Data supplied: Begin

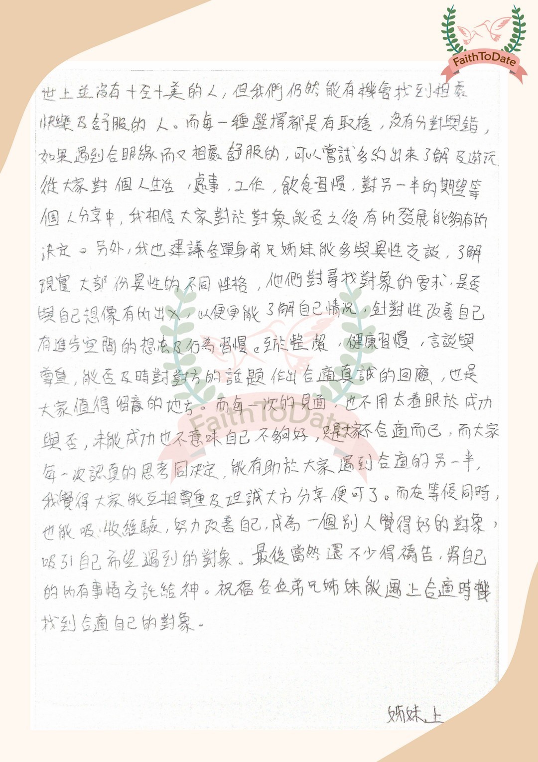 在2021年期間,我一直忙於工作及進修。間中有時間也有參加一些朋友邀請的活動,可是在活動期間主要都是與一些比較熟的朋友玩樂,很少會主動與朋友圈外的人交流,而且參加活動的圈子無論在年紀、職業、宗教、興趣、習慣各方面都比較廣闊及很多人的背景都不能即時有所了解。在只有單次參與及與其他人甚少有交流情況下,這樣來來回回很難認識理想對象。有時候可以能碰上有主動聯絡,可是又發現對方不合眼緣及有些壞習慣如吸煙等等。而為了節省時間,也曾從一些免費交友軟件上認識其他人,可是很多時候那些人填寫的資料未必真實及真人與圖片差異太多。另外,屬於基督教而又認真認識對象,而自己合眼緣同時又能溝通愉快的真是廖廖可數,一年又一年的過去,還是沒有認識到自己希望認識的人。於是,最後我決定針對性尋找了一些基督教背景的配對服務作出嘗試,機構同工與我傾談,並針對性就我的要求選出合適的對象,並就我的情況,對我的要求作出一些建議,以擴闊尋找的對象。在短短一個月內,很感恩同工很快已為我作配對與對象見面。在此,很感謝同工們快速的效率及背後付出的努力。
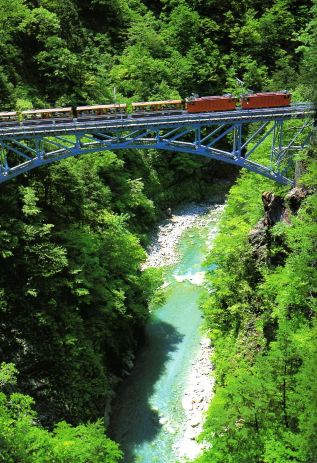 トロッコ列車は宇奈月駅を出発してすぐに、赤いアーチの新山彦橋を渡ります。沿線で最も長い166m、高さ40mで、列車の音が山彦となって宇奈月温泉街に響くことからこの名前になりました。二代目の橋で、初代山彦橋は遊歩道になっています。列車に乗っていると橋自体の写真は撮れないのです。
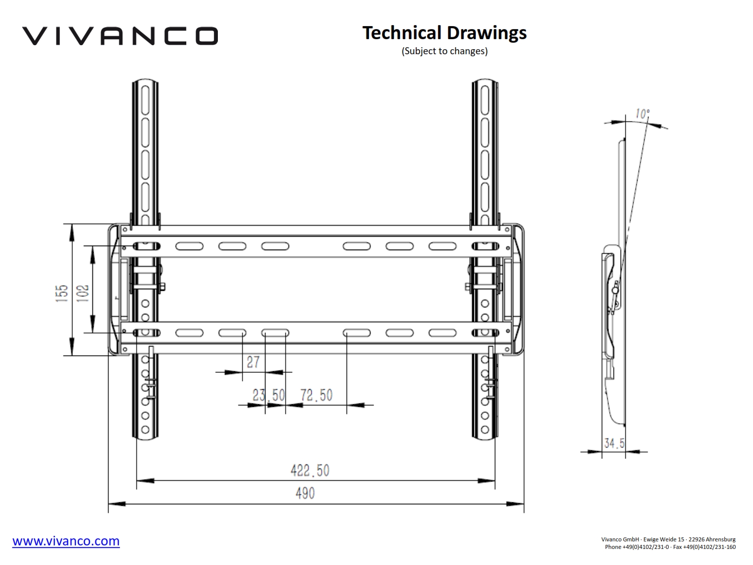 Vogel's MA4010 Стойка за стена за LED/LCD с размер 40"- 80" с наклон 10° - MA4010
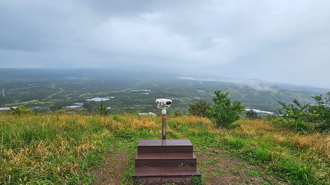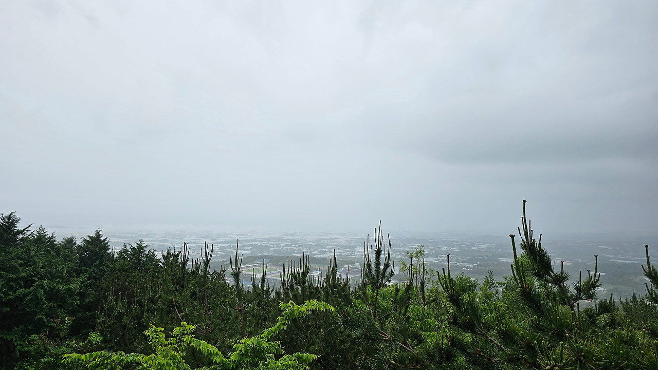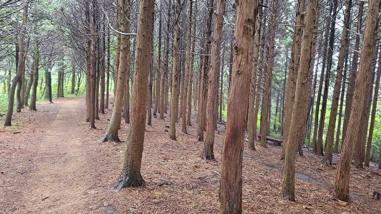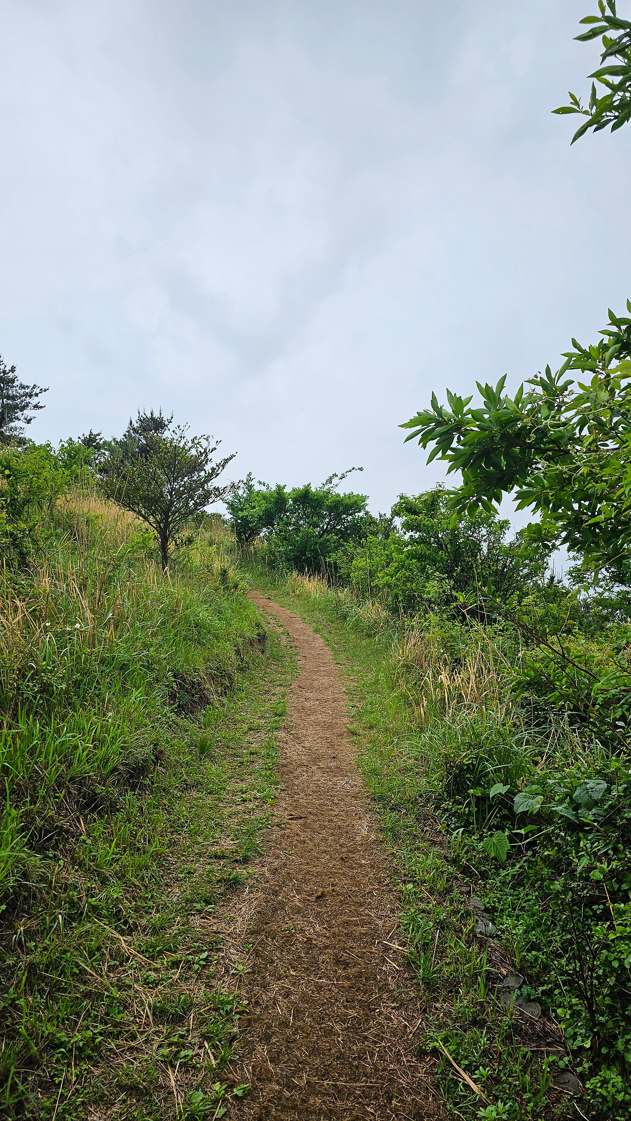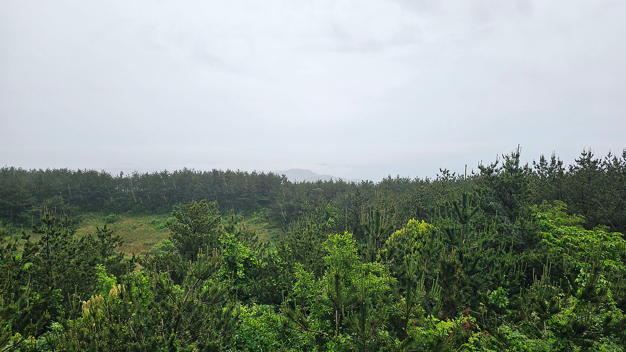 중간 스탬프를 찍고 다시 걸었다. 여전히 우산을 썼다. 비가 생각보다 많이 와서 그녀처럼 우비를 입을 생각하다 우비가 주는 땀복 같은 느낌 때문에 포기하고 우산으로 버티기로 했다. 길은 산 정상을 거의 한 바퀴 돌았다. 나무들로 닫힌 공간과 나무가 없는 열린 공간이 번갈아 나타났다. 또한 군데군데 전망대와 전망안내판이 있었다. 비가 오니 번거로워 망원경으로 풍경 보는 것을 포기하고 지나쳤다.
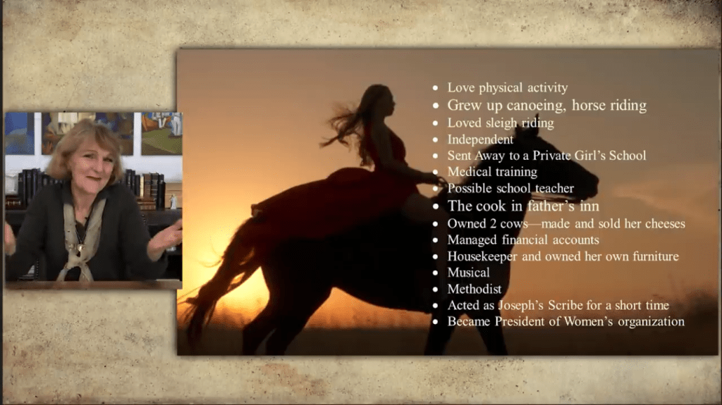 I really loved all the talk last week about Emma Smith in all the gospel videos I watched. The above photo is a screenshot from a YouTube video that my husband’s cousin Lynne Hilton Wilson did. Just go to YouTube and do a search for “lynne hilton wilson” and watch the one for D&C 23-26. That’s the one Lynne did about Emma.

Data supplied: End

What you should do. Each line from the beginning of the entries up to and including the one containing "Vogel's MA4010 Стойка" must be restated exactly. Pictures are to be left out.

Task output.
 在2021年期間,我一直忙於工作及進修。間中有時間也有參加一些朋友邀請的活動,可是在活動期間主要都是與一些比較熟的朋友玩樂,很少會主動與朋友圈外的人交流,而且參加活動的圈子無論在年紀、職業、宗教、興趣、習慣各方面都比較廣闊及很多人的背景都不能即時有所了解。在只有單次參與及與其他人甚少有交流情況下,這樣來來回回很難認識理想對象。有時候可以能碰上有主動聯絡,可是又發現對方不合眼緣及有些壞習慣如吸煙等等。而為了節省時間,也曾從一些免費交友軟件上認識其他人,可是很多時候那些人填寫的資料未必真實及真人與圖片差異太多。另外,屬於基督教而又認真認識對象,而自己合眼緣同時又能溝通愉快的真是廖廖可數,一年又一年的過去,還是沒有認識到自己希望認識的人。於是,最後我決定針對性尋找了一些基督教背景的配對服務作出嘗試,機構同工與我傾談,並針對性就我的要求選出合適的對象,並就我的情況,對我的要求作出一些建議,以擴闊尋找的對象。在短短一個月內,很感恩同工很快已為我作配對與對象見面。在此,很感謝同工們快速的效率及背後付出的努力。
 トロッコ列車は宇奈月駅を出発してすぐに、赤いアーチの新山彦橋を渡ります。沿線で最も長い166m、高さ40mで、列車の音が山彦となって宇奈月温泉街に響くことからこの名前になりました。二代目の橋で、初代山彦橋は遊歩道になっています。列車に乗っていると橋自体の写真は撮れないのです。
 Vogel's MA4010 Стойка за стена за LED/LCD с размер 40"- 80" с наклон 10° - MA4010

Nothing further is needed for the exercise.